*Recorded information*.
·····
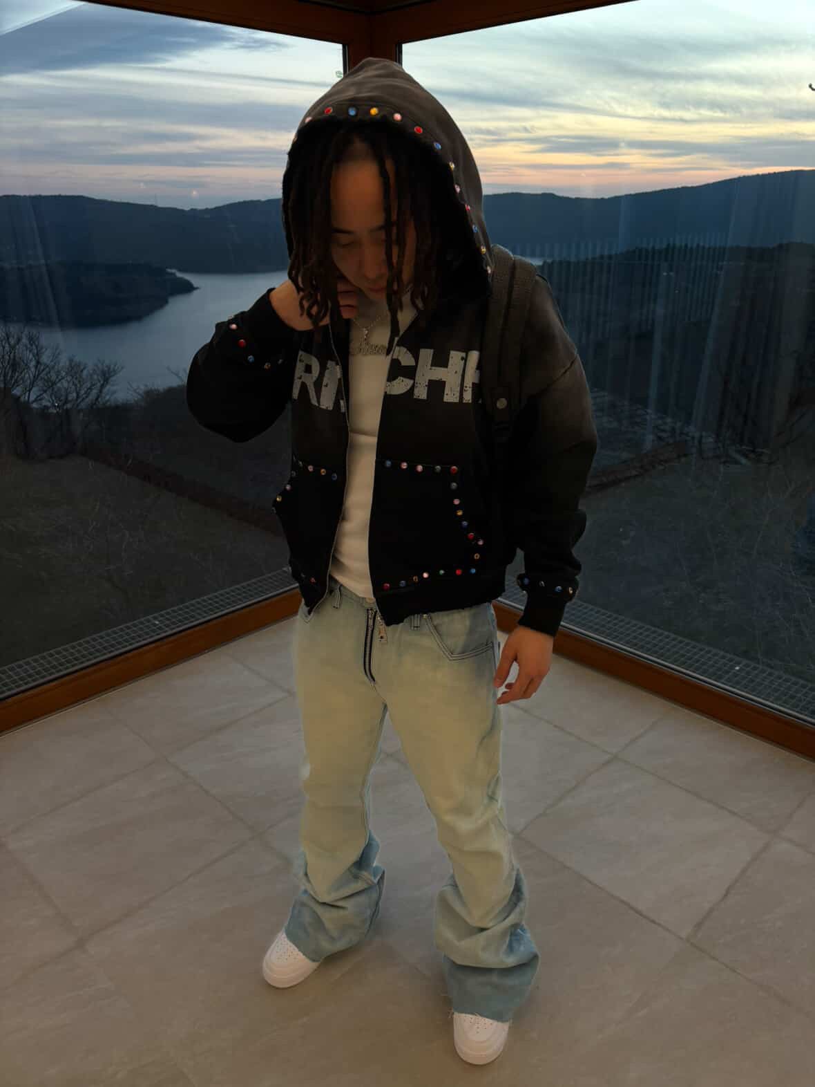 Color-Black Material-Cotton100% 【S-size】 着丈/60cm 身幅/61.5cm 肩幅/60cm 袖丈/56cm 【M-size】 着丈/62cm 身幅/64cm 肩幅/62.5cm 袖丈/57cm 【L-size】 着丈/64cm 身幅/66.5cm 肩幅/65cm 袖丈/58cm 何気ない日常さえ、この一着で物語に変わる。 スタッズが外れたとしても、それすら味になる。 壊れて完成する、型にはまらないスタイル。 (注意事項) ・本製品のスタッズは、無骨さや個体差を含めたデザインの一部です。そのため、スタッズの外れを理由とした返品・返金・交換は対応しておりません。不完全さも含めて、唯一無二の一着としてお楽しみください。 ・製品加工の特性上、色味や風合いに個体差があります。 ・スタッズ部分は強い摩擦や引っ掛かりにご注意ください。
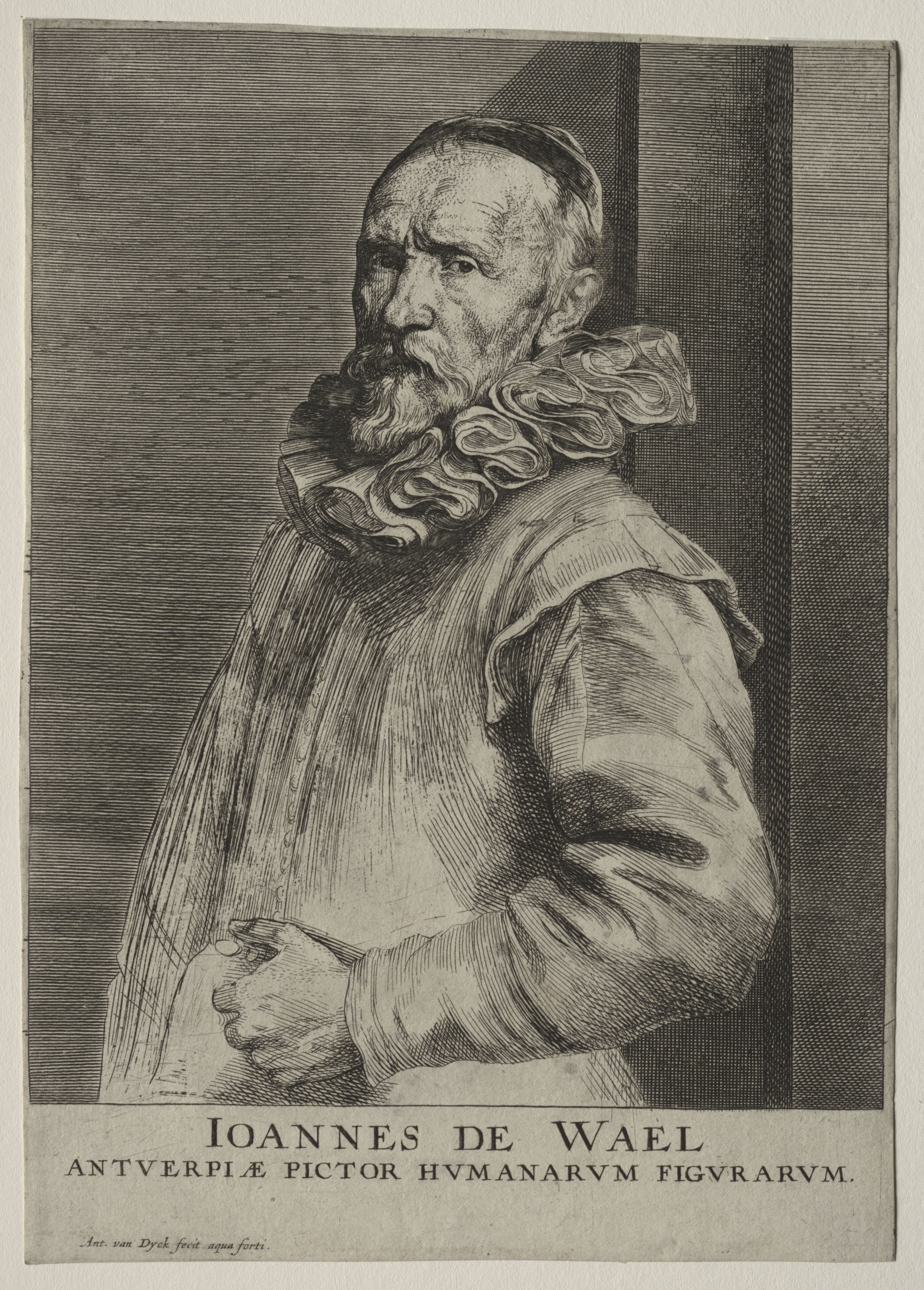 Black and white drawing of a man with a receding hairline and short hair on the sides of his head. The man has a long beard and moustache. He wears a large, frilled collar and a billowy-sleeved shirt. The man is shown from the waist up, facing slightly to his right. The background consists of lines in varying densities, suggesting shading. The man stands in front of a vertical line that could represent a wall or pillar. There is a block of text in a foreign language across the bottom. The text reads "IOANNES DE WAEL" on the first line, and "ANTVERPIÆ PICTOR HUMANARVM FIGVRARVM" on the second line. The image is framed by a light-coloured border.
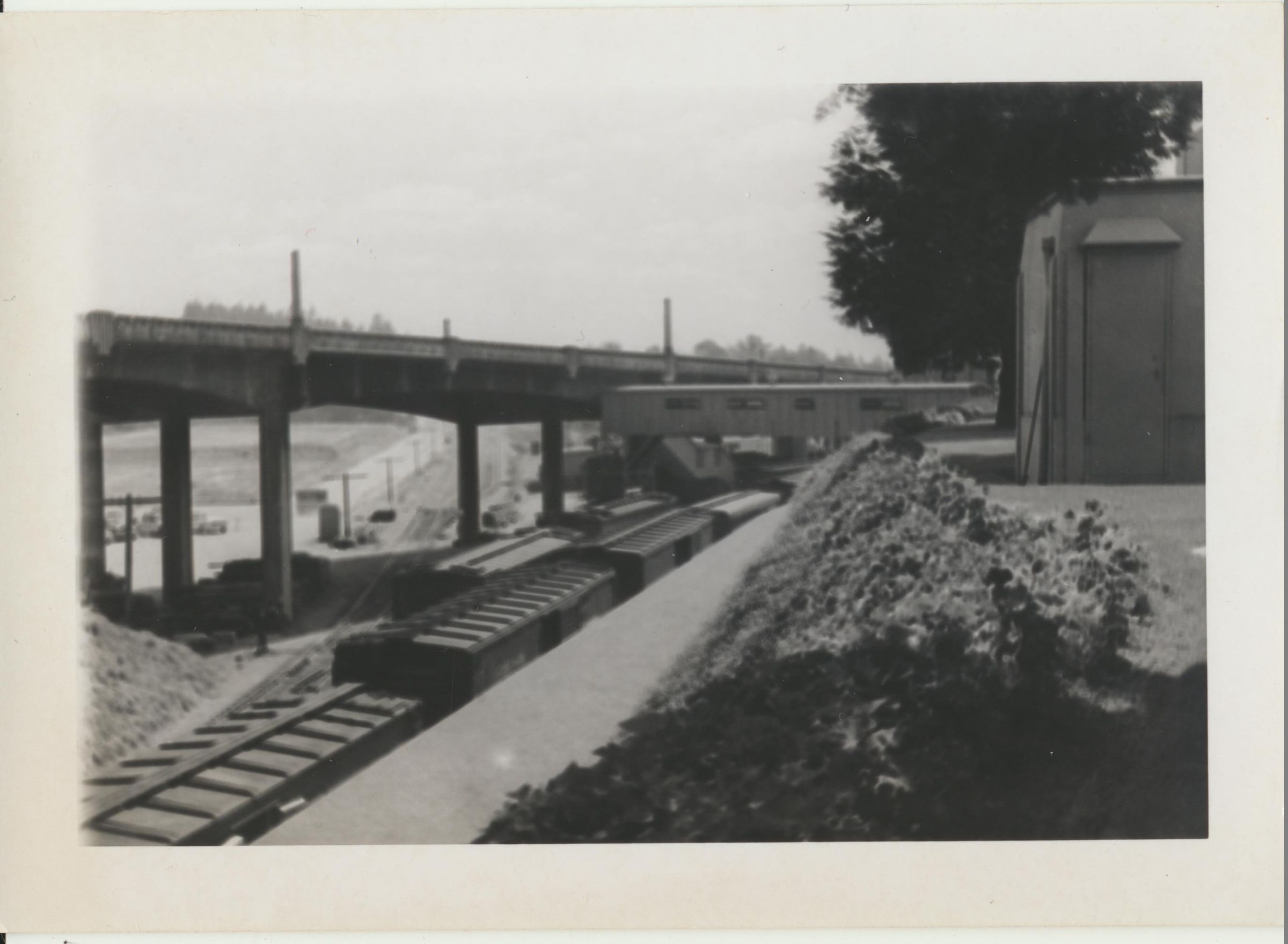 Photograph. Looking southeast from brewery, showing railroad cars and Carlyon Bridge. Marsh has already been filled in for bottlehouse/warehouse construction.
·····
*Instructions to follow*.
Please repeat all of the data exactly as it stands, leaving the pictures out.

*Your solution*.
 Color-Black Material-Cotton100% 【S-size】 着丈/60cm 身幅/61.5cm 肩幅/60cm 袖丈/56cm 【M-size】 着丈/62cm 身幅/64cm 肩幅/62.5cm 袖丈/57cm 【L-size】 着丈/64cm 身幅/66.5cm 肩幅/65cm 袖丈/58cm 何気ない日常さえ、この一着で物語に変わる。 スタッズが外れたとしても、それすら味になる。 壊れて完成する、型にはまらないスタイル。 (注意事項) ・本製品のスタッズは、無骨さや個体差を含めたデザインの一部です。そのため、スタッズの外れを理由とした返品・返金・交換は対応しておりません。不完全さも含めて、唯一無二の一着としてお楽しみください。 ・製品加工の特性上、色味や風合いに個体差があります。 ・スタッズ部分は強い摩擦や引っ掛かりにご注意ください。
 Black and white drawing of a man with a receding hairline and short hair on the sides of his head. The man has a long beard and moustache. He wears a large, frilled collar and a billowy-sleeved shirt. The man is shown from the waist up, facing slightly to his right. The background consists of lines in varying densities, suggesting shading. The man stands in front of a vertical line that could represent a wall or pillar. There is a block of text in a foreign language across the bottom. The text reads "IOANNES DE WAEL" on the first line, and "ANTVERPIÆ PICTOR HUMANARVM FIGVRARVM" on the second line. The image is framed by a light-coloured border.
 Photograph. Looking southeast from brewery, showing railroad cars and Carlyon Bridge. Marsh has already been filled in for bottlehouse/warehouse construction.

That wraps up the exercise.